﴾ Chapitre 9.3 ﴿ : L'ombre du Trident
AVERTISSEMENT : Ce chapitre comporte des scènes susceptibles d'heurter la sensibilité de certains lecteurs (torture et mutilations).
Félix entra d’un bond, prêt à en découdre, mais s’immobilisa dans la seconde. Une terrible odeur le frappa de plein fouet, une vague fétide et suffocante qui l’obligea à se protéger le nez. Ses yeux s’ouvrirent comme deux oberins. Derrière lui, Adrian se figea, tandis que Talya se retournait pour rendre son déjeuner. Même Adriel et Lily, d’ordinaire impassibles, blêmirent à vue d’œil.
Dans la pièce, la scène qui s’offrait à eux était d’une horreur brute. La vaste étude n’était plus qu’un charnier. Plusieurs corps méconnaissables gisaient au sol dans une mare de sang qui reluisait à la lumière des bougies sur le lustre central. Les murs étaient tapissés de projections pourpres, dégoulinant lentement le long des étagères vidées de leurs livres, dont les pages détrempées s’amalgamaient sur le parquet. Sous la grande baie vitrée qui couvrait le mur du fond, un autre corps reposait derrière un bureau, affalé dans un fauteuil de cuir craquelé. Le cœur de Félix manqua un battement. Ils l’avaient retrouvé. Du moins... ce qu’il en restait.

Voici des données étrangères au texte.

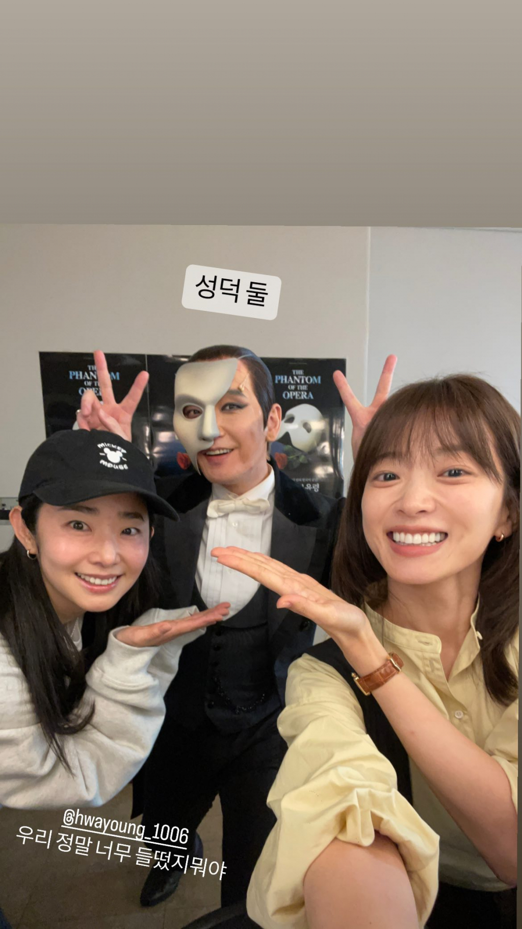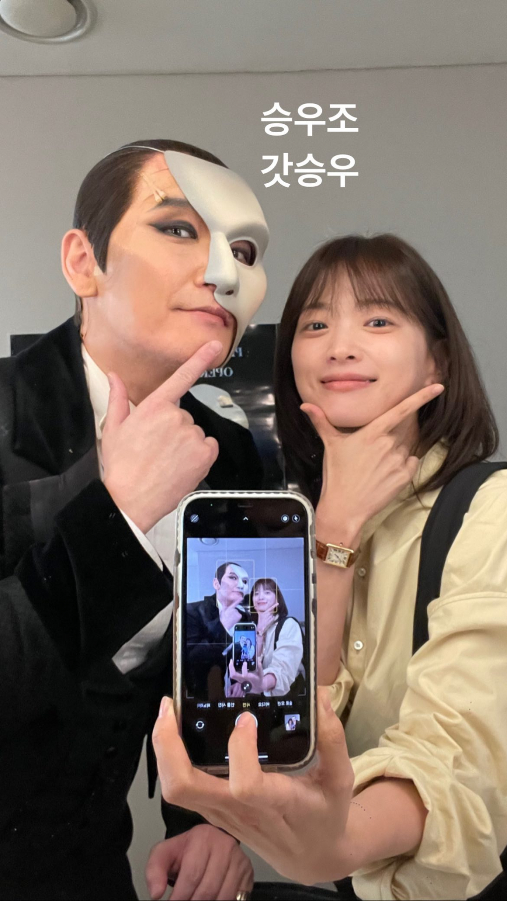 사진 속 천우희는 뮤지컬 '오페라의 유령' 무대에 오르고 있는 조승우 회차를 관람한 모습. 두 사람은 대기실에서 거울을 바라보며 MZ식 셀카를 촬영하며 훈훈한 분위기를 자아냈다.

Les bras tatoués de Milos pendaient mollement de chaque côté du siège, attachés aux accoudoirs par des liens qui lui avaient brûlé la peau. Ses doigts se tordaient à des angles improbables, sûrement brisés un à un. Jamais Félix ne l’aurait reconnu sans son épaisse barbe. Son visage tuméfié était lacéré de plaies béantes. Déshydratées, ses lèvres fendues laissaient échapper de fins filets de sang. La vision devint vite insoutenable pour l’hirondelle qui détourna le regard. On lui avait arraché les ongles, les chairs, on lui avait crevé les yeux. Milos n’avait pas seulement été torturé, on s’était assuré de faire passer un message. Une nausée sourde prit soudain Félix à la gorge. Il s’appuya sur le mur pour ne pas tomber. Si Milos était mort... qu’était-il arrivé à Leona ?
Lily avança dans la pièce, immobilisant le gramophone qui sautait toujours en boucle dans l’une des bibliothèques. Le silence retomba sur leurs épaules, plus lourd que jamais.
— Je... je suis désolée, dit-elle simplement d’une voix hésitante qui ne lui était pas habituelle.
Adriel fouilla l’un des corps au sol et releva un visage grave vers Félix, un papier en main. Le sigle qui y figurait ne laissait pas de place au doute.
— Les hommes de Volk, confirma-t-elle.
Félix secoua la tête, incapable de réfléchir avec les pensées qui l’assaillaient. Qui pouvait bien s’en prendre à l’un des barons les plus dangereux des bas-fonds et tous les terrifier de la sorte ? Pourquoi Volk était-il mêlé à l’attentat de la Roseraie ? Qu’avait-il à y gagner ? Il balaya la pièce du regard, cherchant au-delà de la mise en scène macabre. Ses sens s’agitaient. Quelque chose n’allait définitivement pas, ici. Tout était dans un désordre sans nom, pas comme si l’affrontement avec les hommes de Volk s’était éternisé, mais comme si chaque recoin de la pièce avait été fouillé. Qui que soient les responsables, ils n’étaient pas là pour de simples représailles. Ils étaient à la recherche de quelque chose, sans quoi ils n’auraient pas pris le temps de torturer Milos. Ils avaient retourné les meubles, arraché les livres, éventré les tiroirs des commodes. Avaient-ils seulement trouvé ce qu’ils étaient venus chercher ? Compte tenu de l’état des lieux et de son commanditaire, Félix se persuada que non.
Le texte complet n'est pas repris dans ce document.